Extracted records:
========
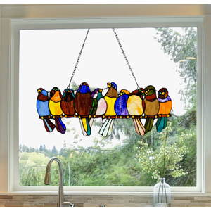 9.5" H Multicolor Birds Window Panel
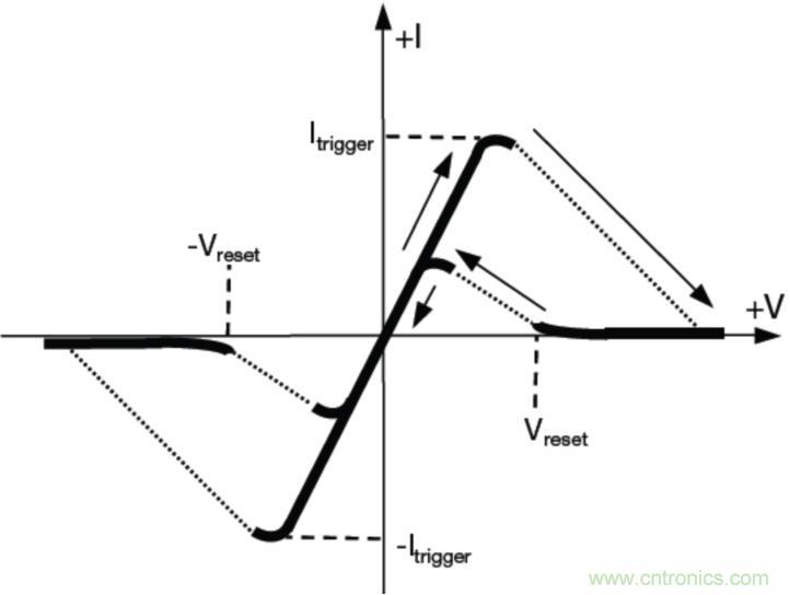 TISP的非線性電壓-電流特性通過轉(zhuǎn)移產(chǎn)生的電流來限制過壓。作為晶閘管,TISP具有非連續(xù)電壓-電流特性,它是由于高電壓區(qū)和低電壓區(qū)之間的切換動(dòng)作而導(dǎo)致的。在TISP器件切換到低電壓狀態(tài)之前,它具有低阻抗接地路徑以分流瞬變能量,雪崩擊穿區(qū)域則導(dǎo)致了箝位動(dòng)作。
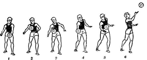 Амплитуда движений руки позволит регулировать дальность полета мяча. Если вы желаете направить мяч на трехметровую линию, то отведите руку на 90 градусов (перпендикулярно площадке).
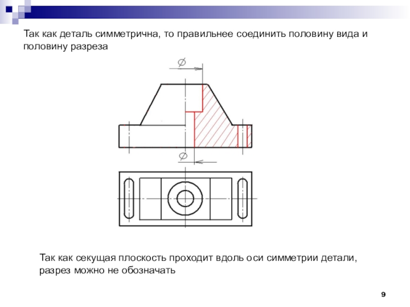Так как секущая плоскость проходит вдоль оси симметрии детали, разрез можно не обозначать
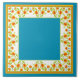 A pretty Ceramic Tile, with a border of Pot Marigold flowers on an white background with a Sky Blue centre and edging. Part of the Posh & Painterly 'Marigold Medley' collection. Add a wooden trivet to use as a trivet.
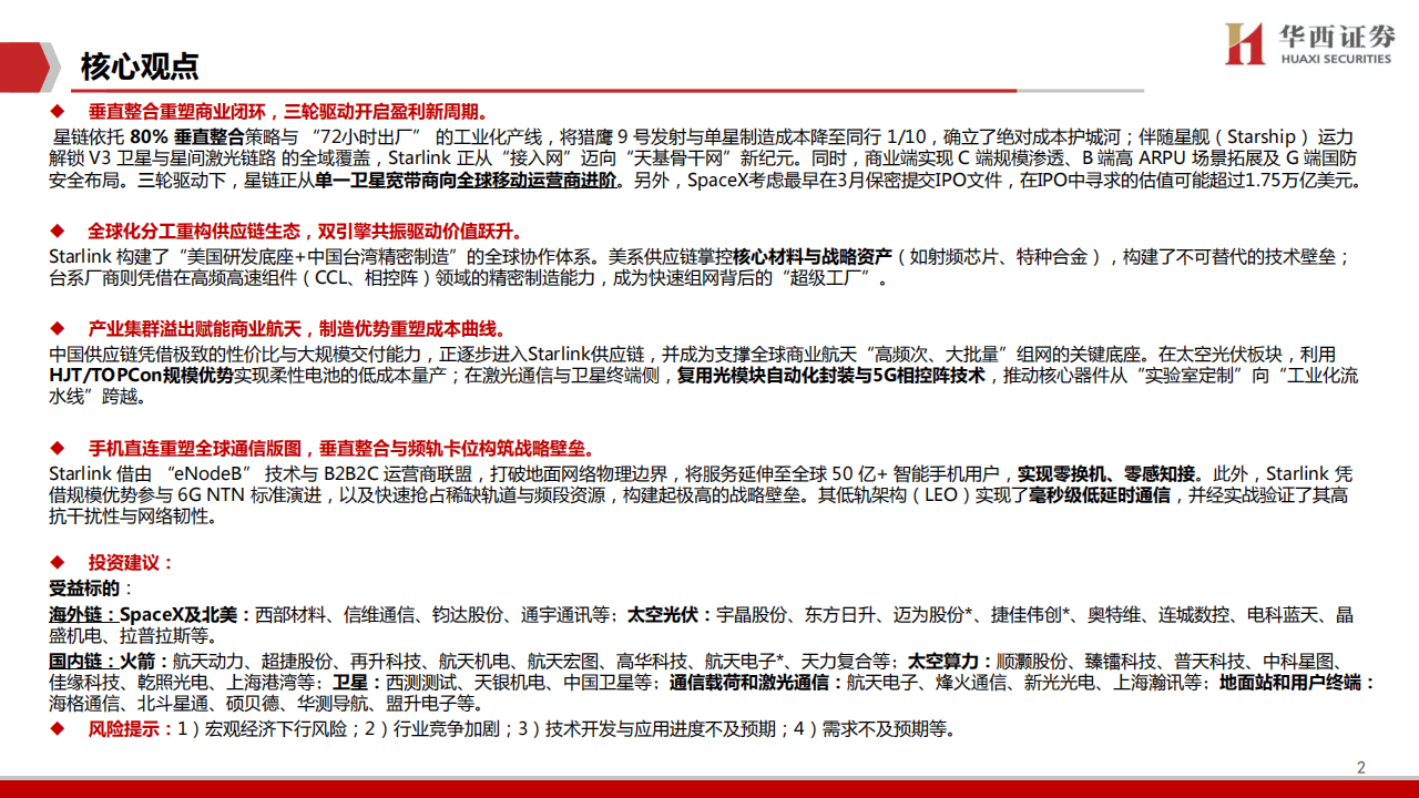 值得关注的是,中国大陆供应链正凭借极致的性价比与大规模交付能力,逐步进入星链生态体系。在太空光伏领域,国内企业利用HJT和TOPCon规模优势,实现了柔性电池的低成本量产,超薄硅片切割工艺已突破45微米技术难关。在激光通信领域,基于光通信产业集群的垂直整合能力,国内厂商正在推动核心器件从“实验室定制”向“工业化流水线”跨越。在卫星终端方面,5G产业链的技术复用效应明显,有源相控阵技术与地面Massive MIMO产业链高度同源,国内PCB产值已占全球近55%的份额。
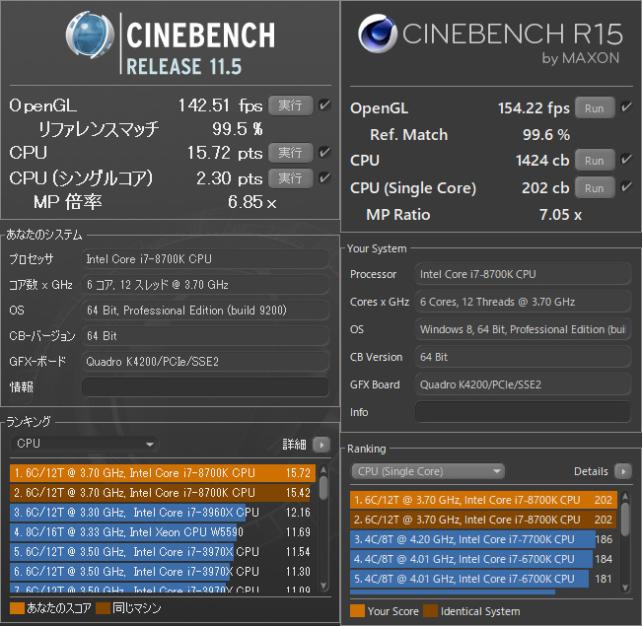 グラフィックスカードが、nVIDIA Quadro K4200なので、OpenGLのスコアは高いですが、参考まで。
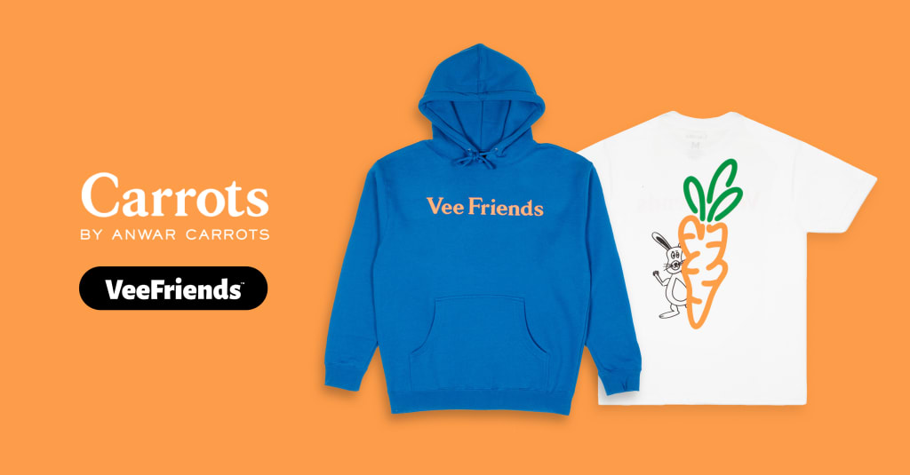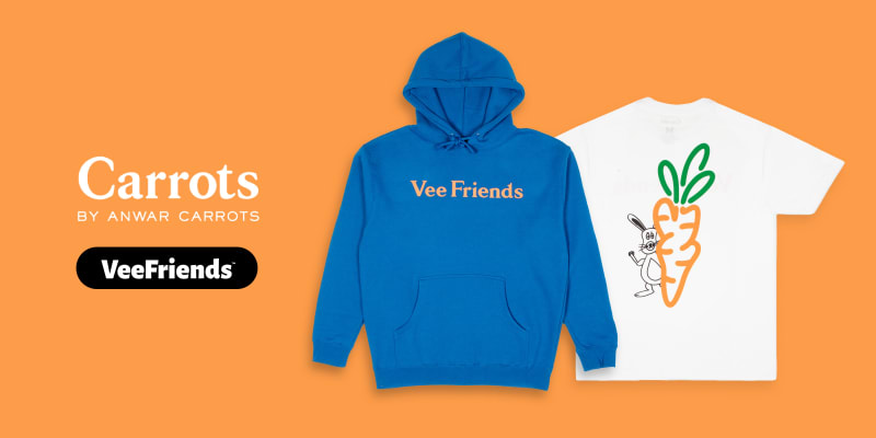 The Winter ’21 collaboration between Anwar Carrots and VeeFriends brought the Self-Aware Hare character to life on limited-edition streetwear. Anwar Carrots, known for his LA-based brand, designed a relaxed-fit T-shirt and hoodie. The apparel was made available at select Nordstrom locations and Carrots' website, which sold out quickly.
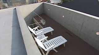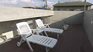 コンクリートの壁が、プライバシーを保つように設計された屋上テラス。ここからも、愛車が眺められます。 |
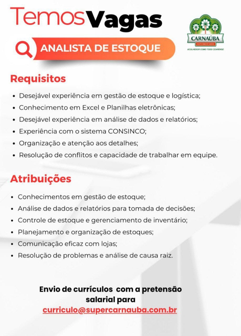 Nós não somos agência de empregos, não cobramos nada, nem antes e nem depois de você conseguir o seu emprego. Não somos nós que realizamos a seleção de currículos, também não realizamos entrevistas. Não nos responsabilizamos pelo envio de currículos. O envio de currículo deverá ser realizado pela pessoa interessada no e-mail que estiver na vaga.
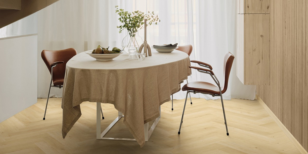 Kungshamn onkin tähän mennessä ainoa 100 % vesitiivis kalanruotolaminaatti markkinoilla. Sen täysin vesitiivis pinta tekee siitä täydellisen valinnan kovan kulutuksen alueille, kuten keittiöihin ja käytäville, joten voit nauttia kalanruotokuvion kauneudesta koko kodissasi huoletta!
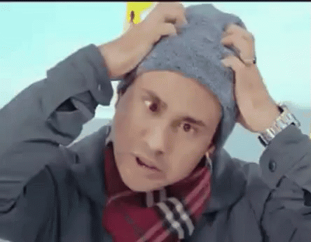 A man wearing a grey beanie and a red plaid scarf looks dizzy or confused, scratching his head.
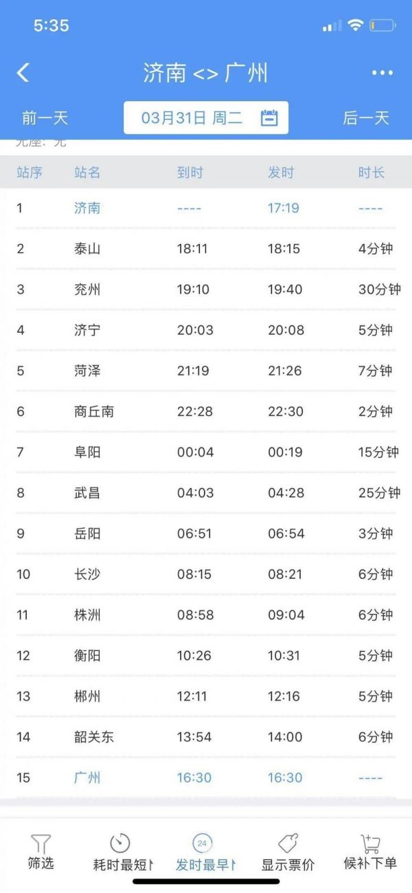 3月28日抵达广州后,这列火车变更班次为T180,调转方向开回济南,到达后,再变成T179次,从济南前往广州。
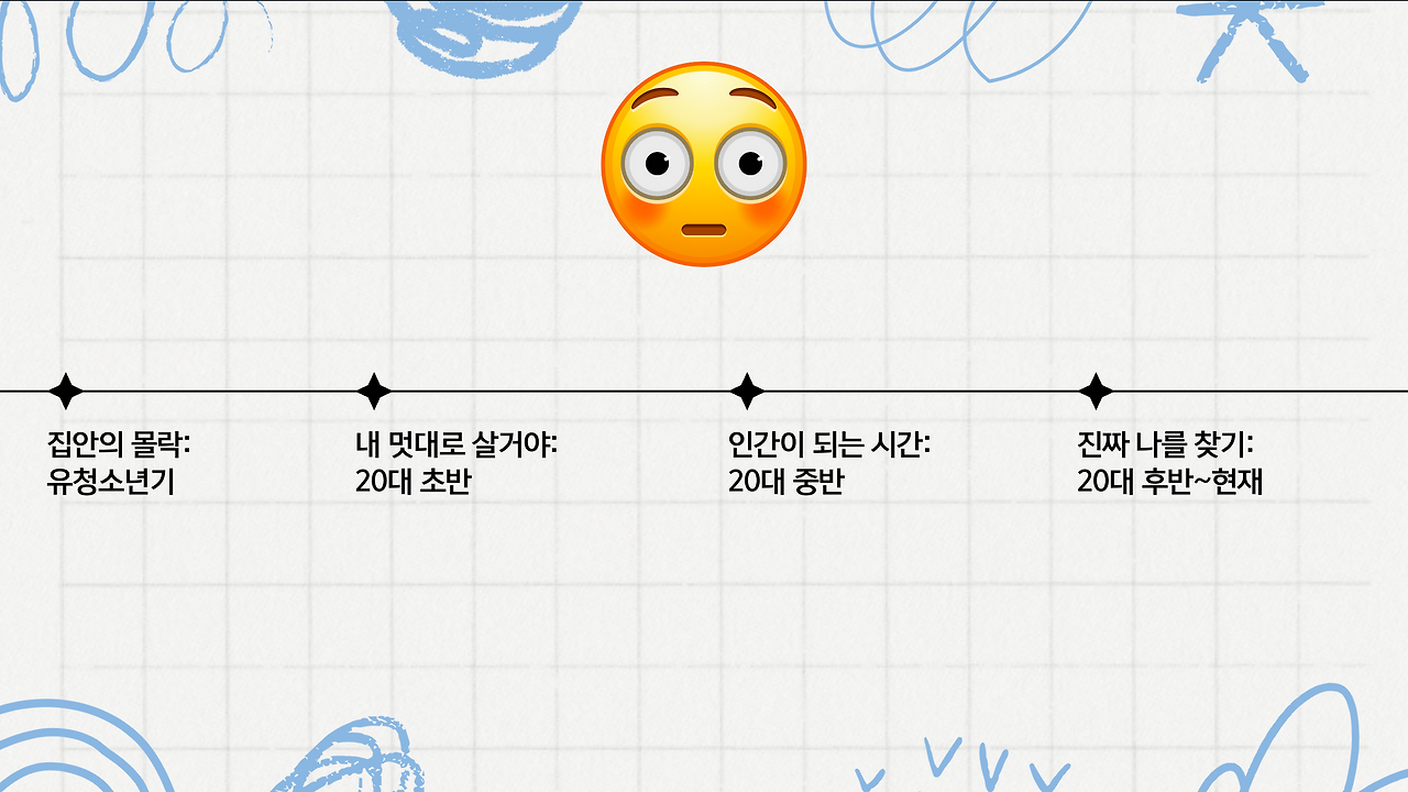 1부에서는 제 개인사와 함께 “진짜 나”를 알아가기 위한 여러 방법들을 소개 했습니다. 주변 사람들은 다 아는 사실이지만, 거의 20대 전체를 꽤 시끄럽고 폭풍같이 살아왔답니다.
========
● The problem:
From the opening line of the entries above to the line that holds "TISP的非線性電壓-電流特", inclusive, reproduce each line exactly and omit any picture.

● Expected answer:
 9.5" H Multicolor Birds Window Panel
 TISP的非線性電壓-電流特性通過轉(zhuǎn)移產(chǎn)生的電流來限制過壓。作為晶閘管,TISP具有非連續(xù)電壓-電流特性,它是由于高電壓區(qū)和低電壓區(qū)之間的切換動(dòng)作而導(dǎo)致的。在TISP器件切換到低電壓狀態(tài)之前,它具有低阻抗接地路徑以分流瞬變能量,雪崩擊穿區(qū)域則導(dǎo)致了箝位動(dòng)作。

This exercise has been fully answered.